Моих приятелей даже нельзя назвать бледными, они просто пепельно-серые. Я оказываюсь между Мейсонье и Пейсу и замечаю, что все мы как бы одеревенели, стоим сгорбившись, опустив головы, глубоко засунув руки в карманы. Рядом с Пейсу – Фюльбер, его изможденное лицо сейчас тоже землистого цвета, он прикрыл веки и стал похож на покойника. Фальвина и Жаке шевелят губами. Вероятно, молятся. Малыш Колен переминается с ноги на ногу, он зевает, тяжело дышит и без конца глотает слюну. Одна Мьетта безмятежна. Если она и волнуется, то только за нас, а вовсе не за себя. Она обводит взглядом наши свинцовые лица и, как бы желая подбодрить, каждого одаривает чуть заметной улыбкой.
Наконец ветер стихает, и, так как мы по-прежнему молчим и не слышно больше даже потрескивания тлеющих дров, в зале вновь воцаряется гнетущая, мертвая тишина. Все последующее произошло столь молниеносно, что я не успел удержать в памяти переход из одного состояния в другое. Впрочем, переходная стадия описывается только в книгах. В жизни обычно ее не бывает. Дверь в большую залу с грохотом распахивается, на пороге появляется Тома, с безумными глазами, без каски, без очков. Не своим голосом он торжествующе кричит: «Нет! Ничего нет!»
Не слишком-то вразумительно, однако мы тут же все понимаем. Нас подхватывает стремительный порыв. Мы мчимся к выходу и с трудом все вместе протискиваемся в дверь. В ту самую минуту, когда мы вылетаем во двор, снова начинается дождь. Он льет как из ведра, но нам теперь все нипочем! Кроме Фюльбера – он укрывается под навесом над маленькой дверью, ведущей в башню, и Фальвины с Мену, которые присоединились к нему, – мы все с хохотом и криками носимся под дождем. Впрочем, дождь теплый или, может, он кажется нам теплым. Он стекает с нас ручьями, от него сверкают потемневшие столетние плиты, выстилающие двор замка.
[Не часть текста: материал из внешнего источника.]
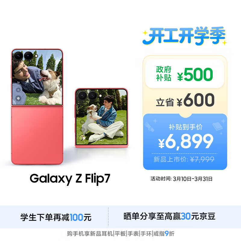 三星Samsung Galaxy Z Flip7 折叠屏手机 4.1英寸超大智能外屏 5000万像素 AI手机12GB+256GB 珊瑚红
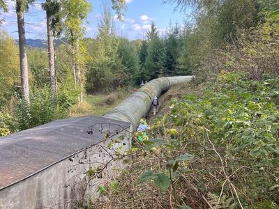 Pünktlich zur ersten Wanderung hörte es auf zu regnen. Der Himmel war noch wolkenverhangen, aber das störte uns nicht. Es ging in Richtung Elstertalbrücke, die zweitgrößte Ziegelsteinbrücke der Welt, ins Triebtal. Da die Brücke noch bis Anfang 2025 saniert wird, war sie leider eingerüstet und man darf sie im Moment auch nicht betreten. Die Trieb, Abfluss der Pöhltalsperre, war aufgrund der starken Regenfälle sehr reißend. Ein wunderschöner Weg führt hinauf bis zur Sperrmauer. Wir aber wanderten zum Mosenturm auf dem Eisenberg. Von hier hat man einen kompletten Blick über die Talsperre. Weiter ging es über die Schäferbrücke zum Mosbauer, der leider Ruhetag hatte. Weiter über die Teufelskanzel durch das Nymphental zur Pfaffenmühle. Hier lohnte sich eine Einkehr.
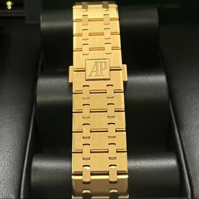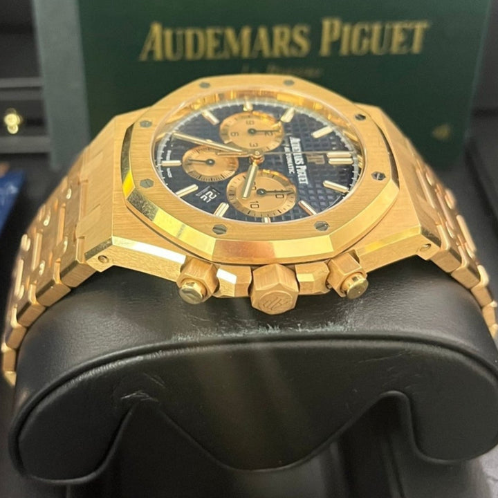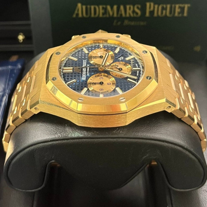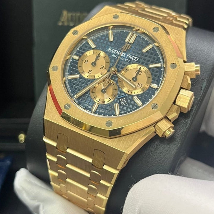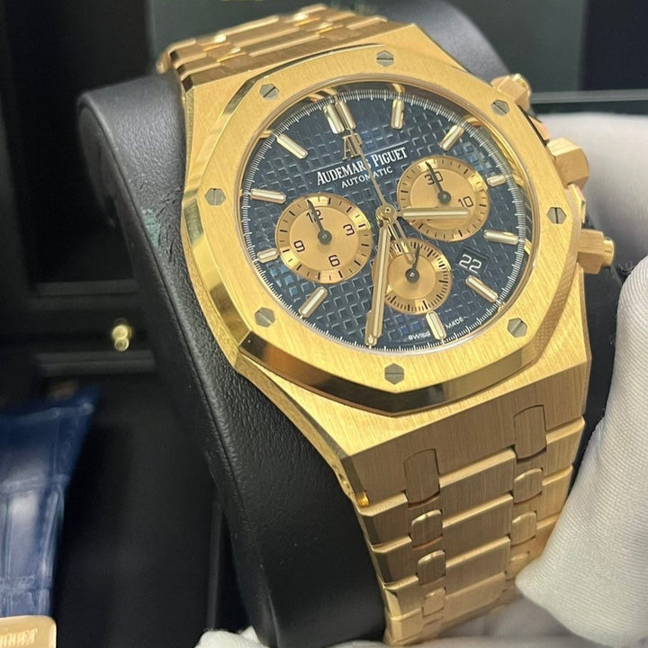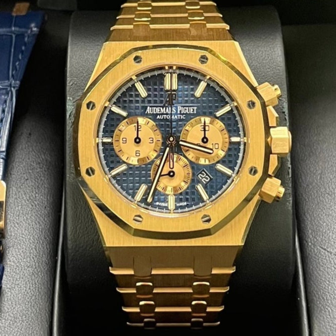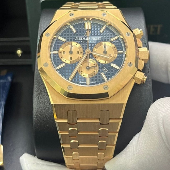 41mm 18K Pink Gold case, 11mm thick, screw-locked crown, glare-proof sapphire crystal, blue dial with Grande Tapisserie” pattern, pink gold-toned counters, pink gold applied hour-markers and Royal Oak hands with luminescent coating, Calibre 2385 selfwinding movement with chronograph, hours, minutes, small seconds, date, approximately 40 hours of power reserve, 18K pink gold bracelet, AP folding buckle. Water-resistant up to 50 meters.
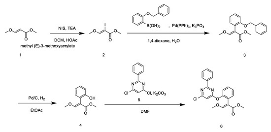 2.2.4. Methyl (E)-2-{2-[(6-chloro-2-phenylpyrimidin-4-yl)oxy]phenyl}-3-methoxyacrylate (6)
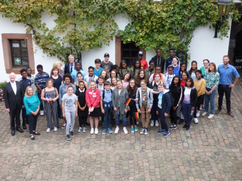 Bild: Beigeordneter Färber mit Schüler/innen und Lehrkräften aus Newham, Reims und Cherbourg.
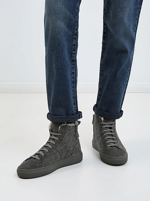 Утепленные кеды из фетра и замши с ювелирными цепочками
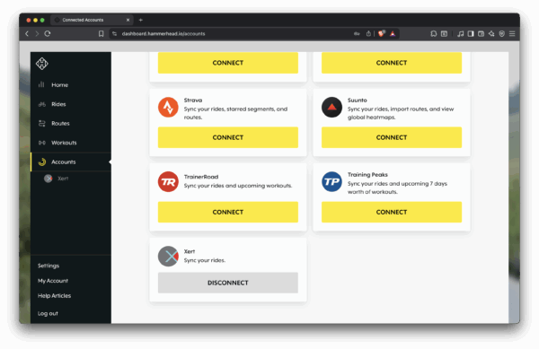 - Confirm your Xert account is properly linked in the Hammerhead Dashboard under Connected Accounts.
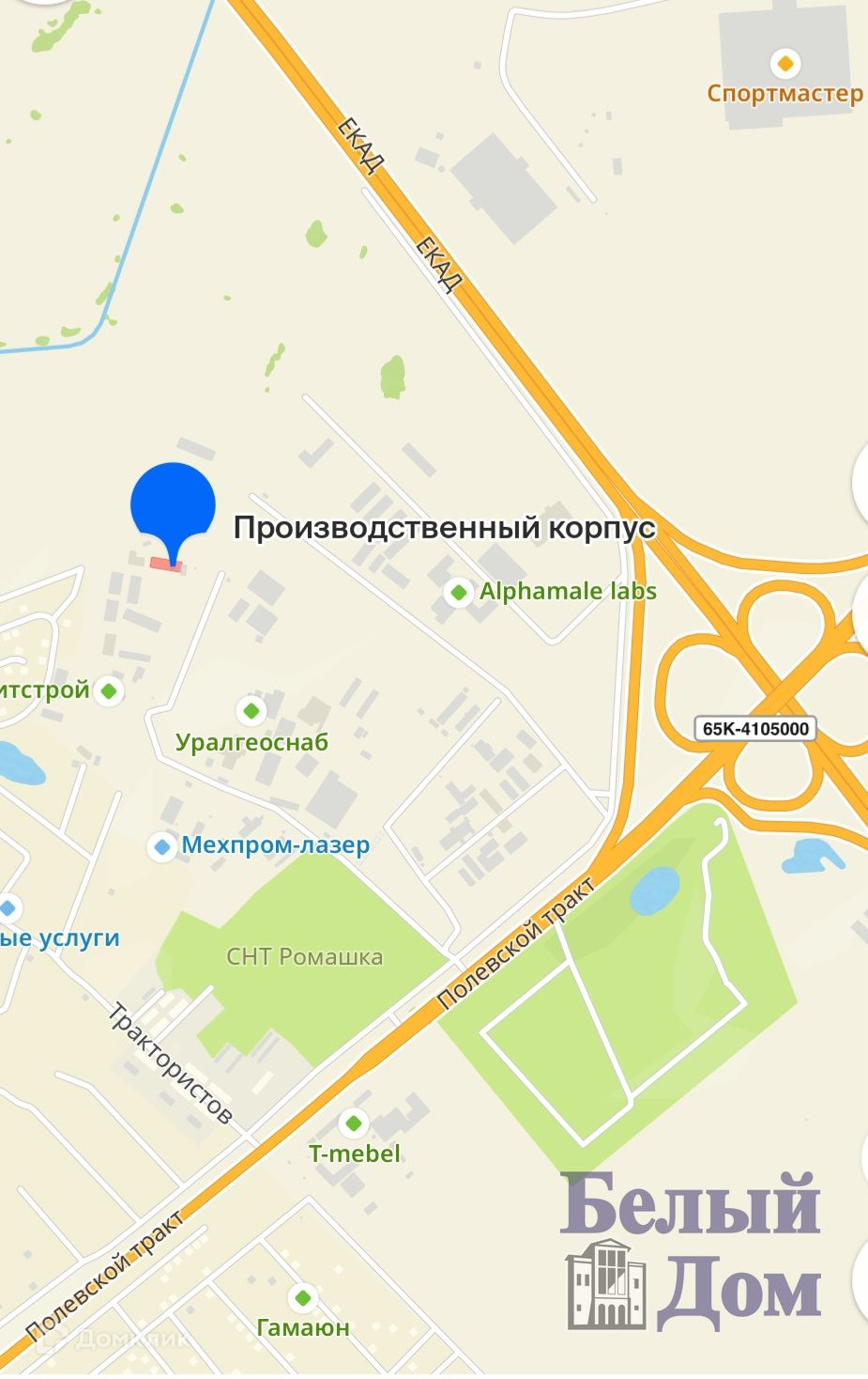 Здание расположено рядом с развязкой Полевского тракта и ЕКАД, в районе технопарка Полеводство.
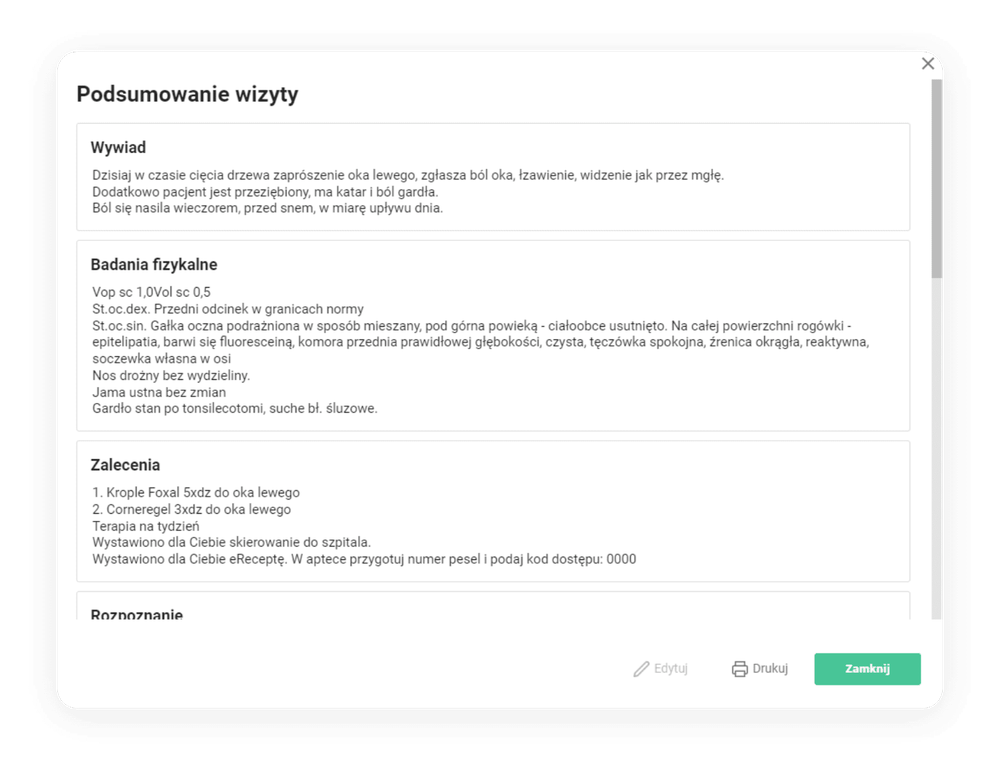 Aplikacja zapewnia pełną integrację z systemami NFZ, P1, eWUŚ i ZUS, posiada sprawdzony moduł Bazy Leków Pharmindex, a także umożliwia wygodne raportowanie zdarzeń medycznych do systemu P1. Intuicyjne szablony wizyt zapewniają z kolei szybszą i efektywniejszą pracę. Warto też dodać, że rejestracja pacjentów realizowana jest bez pobierania prowizji - niezależnie od ich liczby.
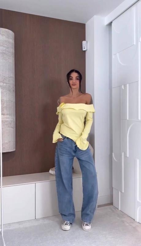Лонгслів Модель 83195 Ціна: 650 грн Колір : жовтий, чорний, білий , пудра,беж Розмір: 42-44; 46-48; 50-52 Ткань : мікродайвінг Розочка на булавці. Лонг з асиметричною передньою частиною, волони які додають легкість і романтичність в образ.
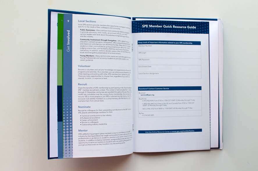 New members of the Society of Petroleum Engineers receive this packet. I created packaging (after meeting with packaging representative), graphic design, and production.
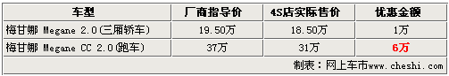 與雪鐵龍、標(biāo)致同為法系知名汽車制造商的雷諾,以進(jìn)口方式引進(jìn)國內(nèi)的車型有風(fēng)景、梅甘娜以及拉古娜等多款車型。其中梅甘娜車型分為三廂版本和跑車兩個(gè)版本。近日根據(jù)網(wǎng)上車市價(jià)格檢測系統(tǒng)顯示,梅甘娜全系車型均出現(xiàn)了價(jià)格松動(dòng),三廂普通版車型可優(yōu)惠1萬元,而跑車版梅甘娜的優(yōu)惠幅度達(dá)到6萬具體車型售價(jià)見下表:
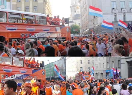 またオランダが一次リーグの3試合を戦ったウクライナのハルキウでは、街の中心部に設けられたファンゾーンからスタジアムまでの約5kmの道路の片側が試合当日にオランダサポーターのために車両通行止めにされていました。オレンジのユニホームを着たオランダサポーターは試合前にファンゾーンに集合し、踊ったりして大いに盛り上がったあとファンゾーンからスタジアムまでを、まるでカーニバルか優勝パレードのように進んでいきました。これはオランダのファンとその文化をサポートするために開催自治体のハルキウ市が協力して車両を通行止めにして可能となったものです。地元の人々もまたその行進を道路わきから見物して楽しんでいました。

С навесных бойниц галереи, опоясывающей донжон, дождь маленькими каскадами скатывается по старым каменным стенам и ближе к земле сливается с потоками ливня. Небо сейчас белесовато-розовое. Уже более двух месяцев мы не видели таких ясных небес. Вдруг Мьетта срывает с себя блузку и подставляет дождю обнаженную крепкую грудь, не знающую лифчика. Она хохочет, приплясывает на месте, извивается, размахивает руками, воздевает к небу гриву своих волос, приподняв их ладонью. Я нисколько не сомневаюсь в том, что мы бы тоже пустились в пляс, если бы не была утрачена традиция первожителей. Мы не танцуем, но зато мы разглагольствуем.
– Вот увидишь, – кричит Пейсу, – как поднимутся теперь наши хлеба.
– Тут одним дождем не обойдешься, – возражает ему Мейсонье, – неужели ты воображаешь, что у нас не вылезло ни одного стебелька потому только, что не было дождя? Ведь растению нужно еще и солнце.
– Ну, солнца теперь будет хоть отбавляй, – кричит Пейсу, его надежды не знают отныне границ. – После такого дождя непременно вылезет и солнышко. Ведь правда, Жаке? – добавляет он, влепив тому хорошего тумака.
Жаке соглашается, что, конечно, теперь появится и солнышко, но ответить Пейсу таким же тумаком не осмеливается.